> WORK TO COMPLETE
Quote exactly and only this range of lines in the data below: the line that holds "(0) 찹쌀 500g을 찬물에 4시간 이상 충분히 불려서 준비한다." to the line that holds "Footage widely shared", both included.

START DATA

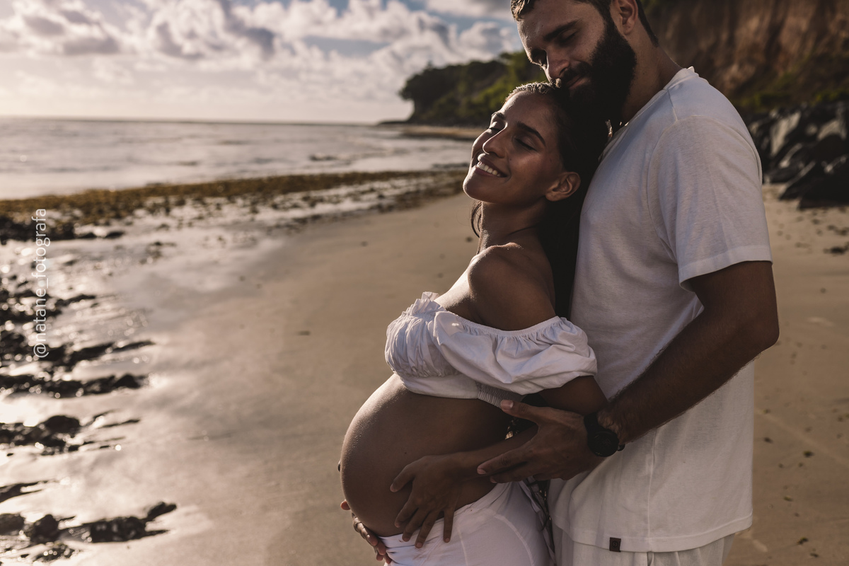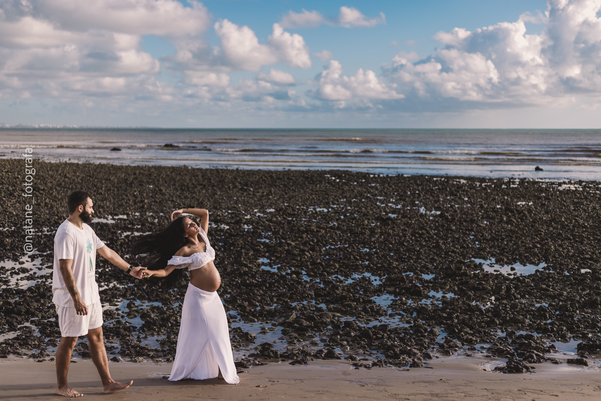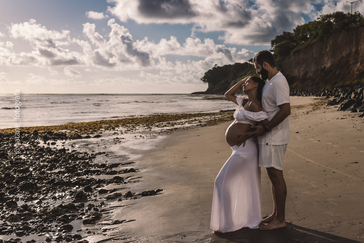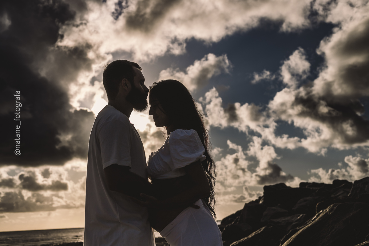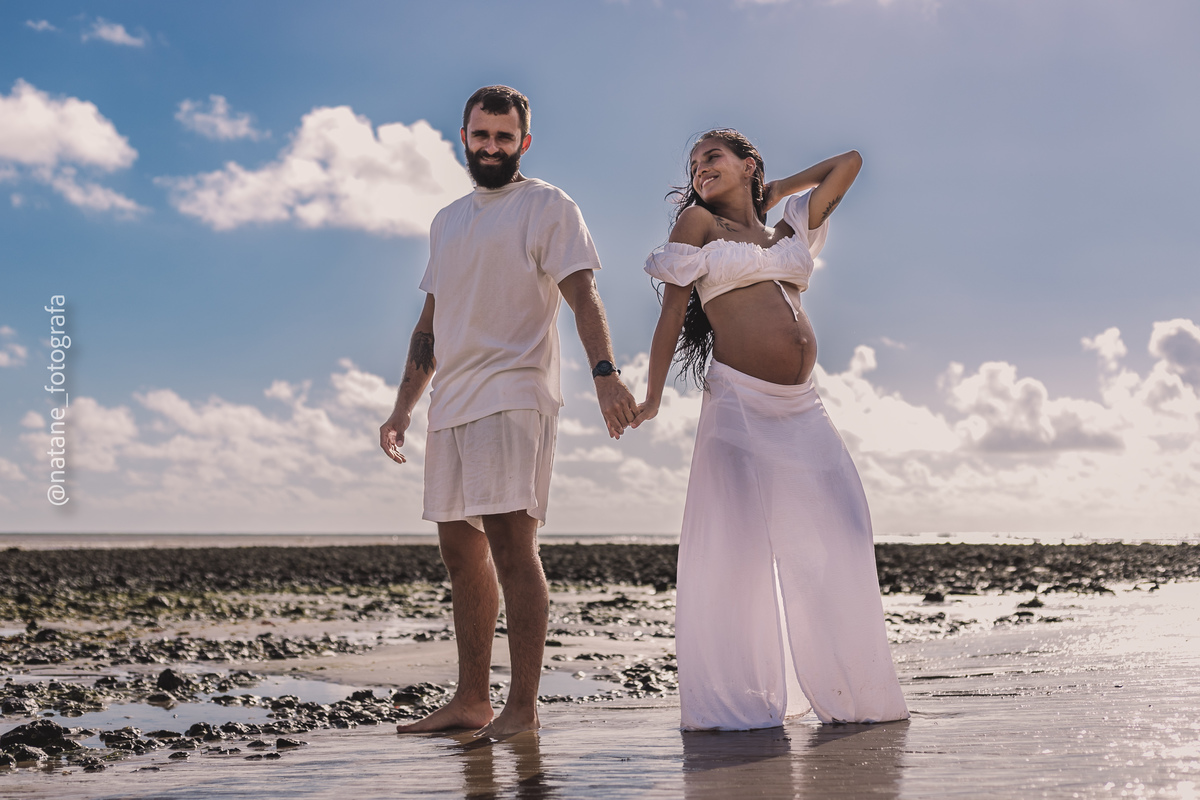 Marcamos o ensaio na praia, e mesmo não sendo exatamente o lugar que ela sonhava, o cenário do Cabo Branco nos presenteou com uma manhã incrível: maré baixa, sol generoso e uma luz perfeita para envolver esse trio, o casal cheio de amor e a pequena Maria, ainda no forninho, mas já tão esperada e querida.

END DATA
START DATA

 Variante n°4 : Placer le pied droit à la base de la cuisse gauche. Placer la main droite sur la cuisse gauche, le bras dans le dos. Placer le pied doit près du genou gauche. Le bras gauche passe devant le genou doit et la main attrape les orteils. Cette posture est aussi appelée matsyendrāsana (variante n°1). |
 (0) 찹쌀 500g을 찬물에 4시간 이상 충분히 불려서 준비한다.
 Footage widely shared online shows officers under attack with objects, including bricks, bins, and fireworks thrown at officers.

END DATA
START DATA

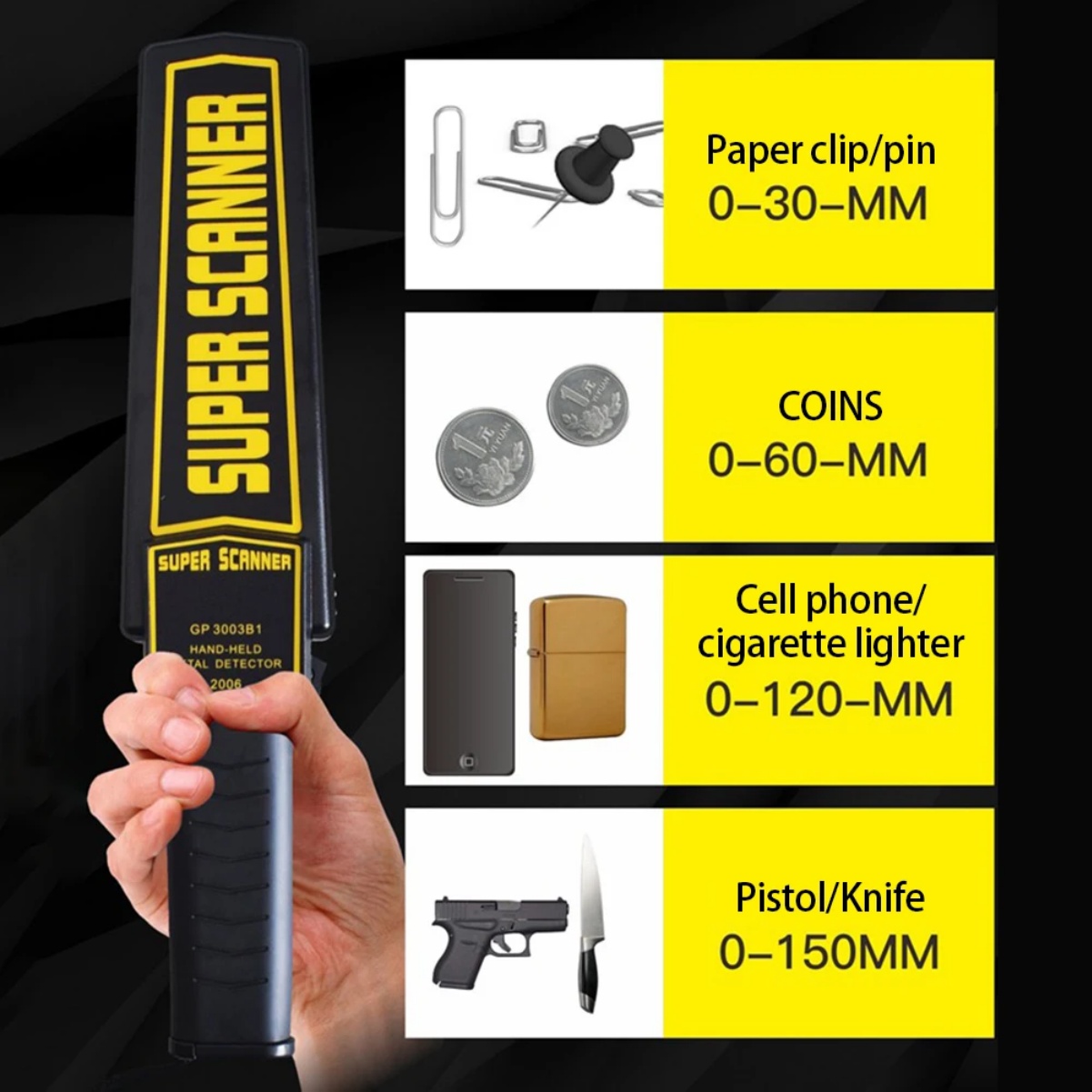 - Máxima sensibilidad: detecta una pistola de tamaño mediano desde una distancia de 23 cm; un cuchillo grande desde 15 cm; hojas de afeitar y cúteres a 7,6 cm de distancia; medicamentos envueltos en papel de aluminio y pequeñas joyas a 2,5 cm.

END DATA

> OUTPUT OF THE TASK
 (0) 찹쌀 500g을 찬물에 4시간 이상 충분히 불려서 준비한다.
 Footage widely shared online shows officers under attack with objects, including bricks, bins, and fireworks thrown at officers.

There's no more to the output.